WORK TASK:
Write out the records below from the first line through the line containing "Ekensbergs varv 1970.", leaving out any pictures.

MATERIALS PROVIDED:
- - - - -
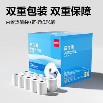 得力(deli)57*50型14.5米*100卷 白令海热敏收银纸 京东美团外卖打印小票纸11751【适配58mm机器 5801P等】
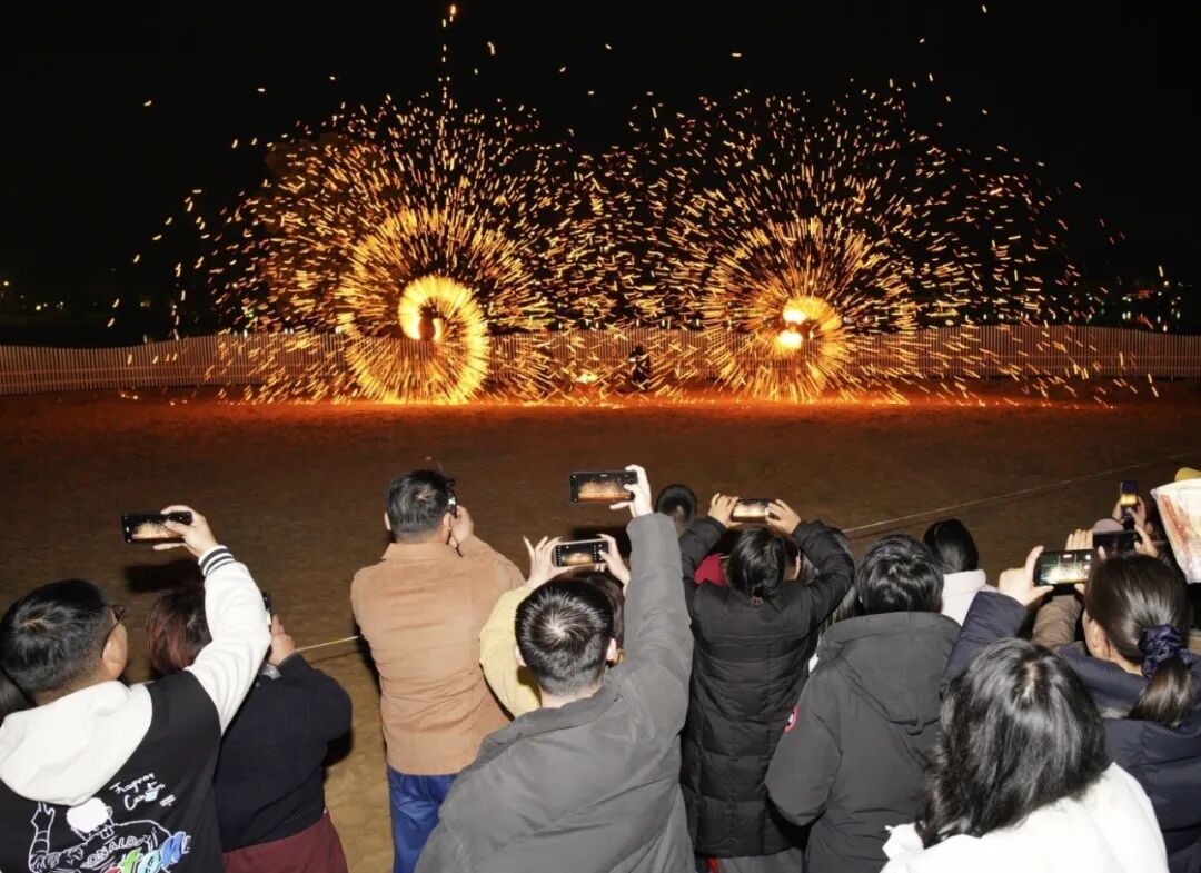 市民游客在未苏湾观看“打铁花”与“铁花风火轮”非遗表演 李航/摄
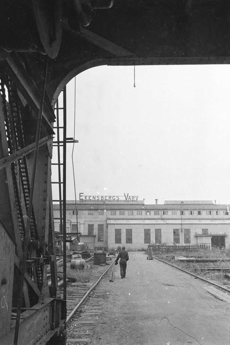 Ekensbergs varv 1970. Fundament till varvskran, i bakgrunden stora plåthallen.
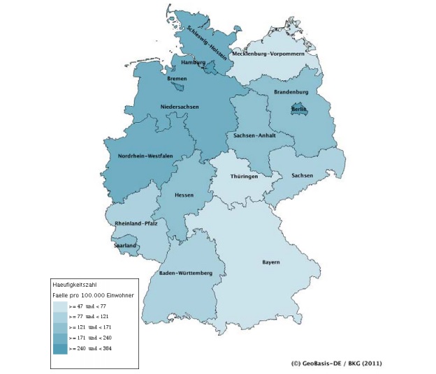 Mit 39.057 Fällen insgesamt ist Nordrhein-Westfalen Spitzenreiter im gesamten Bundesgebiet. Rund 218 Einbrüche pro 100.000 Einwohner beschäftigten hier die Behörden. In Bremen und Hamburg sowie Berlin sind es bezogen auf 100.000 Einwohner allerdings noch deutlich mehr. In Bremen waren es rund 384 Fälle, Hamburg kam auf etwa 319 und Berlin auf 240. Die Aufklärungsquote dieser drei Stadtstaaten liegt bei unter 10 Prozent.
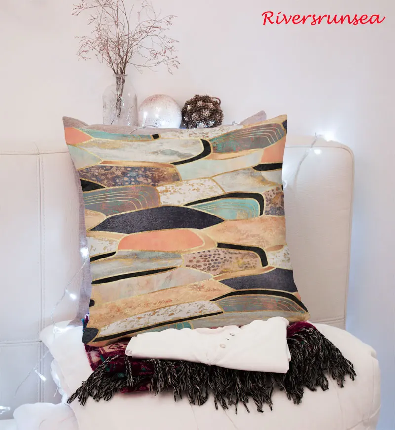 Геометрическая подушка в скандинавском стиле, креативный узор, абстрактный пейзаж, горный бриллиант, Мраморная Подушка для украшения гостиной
- - - - -
EXERCISE ANSWER:
 得力(deli)57*50型14.5米*100卷 白令海热敏收银纸 京东美团外卖打印小票纸11751【适配58mm机器 5801P等】
 市民游客在未苏湾观看“打铁花”与“铁花风火轮”非遗表演 李航/摄
 Ekensbergs varv 1970. Fundament till varvskran, i bakgrunden stora plåthallen.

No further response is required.